May 25 to 28 — Long Beach, California to Alfonsinas, Mexico
This year my two week vacation was to Baja California with my friend Mark and his family in Long Beach. Kayaking the BC coast will have to wait until next year (but I am planning a big 8 day bikerafting trip through the Chilcotins in August, so stay tuned — hey, that’s in a week!)
The flight goes right by Yosemite.
Mark picked me up at LAX, then we ran some errands, including going down to the Marine Institute at Los Angeles Harbour…
… to pick up a bottle of Nitrox we’d use to refill the tires at some point on the trip, after we leave the gravel and get back on pavement (for a smoother ride off road, you air down the tires. But this low pressure isn’t good on sealed roads).
First wildlife sighting of the trip.
Feral parrots are still living in the palm trees at Belmont Pier in Long Beach, right where I used to live.
Getting my stuff together at Mark’s house. We left 3:30 Sunday morning to avoid freeway traffic and to arrive at our destination not too late.
We zoomed down to San Diego, then turned east on Interstate 8. Over the pass into the Imperial Valley is windy, and the turbines appeared against the sunrise.
Dieseling up at Calexico before crossing the border. I’m a conspiracy buff myself, but are they “chem”trails, or just “con”trails from water vapour from combustion in the plane’s engines? C6H14 + O2 –> CO2 + H20
Marathon in Mexicali
700 km later, we hit San Felipe for breakfast and did some tourist shopping. Here we are, stuck in traffic on the strip.
They are paving the road all the way south from San Felipe. Very sad to see the gravel road go, that was a classic. They want “development”. The problem now is you can’t get off the highway down to the little coves we used to go to.
Finally hitting gravel, and airing down. They have only gotten so far with the paving.
Once across this arroyo with a bridge, the pavement will continue.

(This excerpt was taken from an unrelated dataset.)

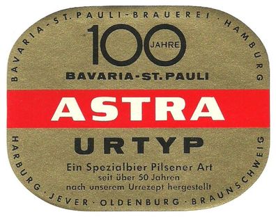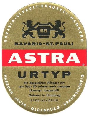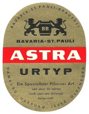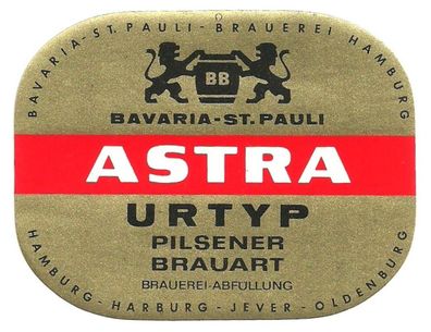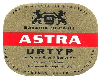 Bieretikett "Astra Urtyp" Bavaria-St.-Pauli Brauerei Hamburg Harburg Jever Oldenburg

Shortly afterwards (150 km from San Felipe) we got to Alfonsinas, which is a spit a few kilometers long that has a row of beachfront houses along it. Alongside the spit is a runway and many people fly in rather than drive.
At the end of the spit is a restaurant / hotel. But the tide was extremely high that afternoon so we couldn’t get over (that’s the runway submerged).
Oh darn, we had to wait it out on the beach.
Finally … dinner.
Looking back down the spit from the restaurant
These gigantic 2″ wasp things were quite common most places we went.
We didn’t have a proper bike rack so we just lashed my bike to the front grill. I thought I had put padding on all the rub points…
Damn! Missed one! Ouch! That was nasty, but it didn’t seem to be in a critical location. The perils of owning an aluminum bike…
It rides very well on the sand, much better than on snow. The tidal range here is huge, wider than anywhere I’ve seen.
This one is shorter:
The palapa I set my tent up in. There are a few reasons it is open on this side, and closed on the other. One is the view of the beach, and the other is…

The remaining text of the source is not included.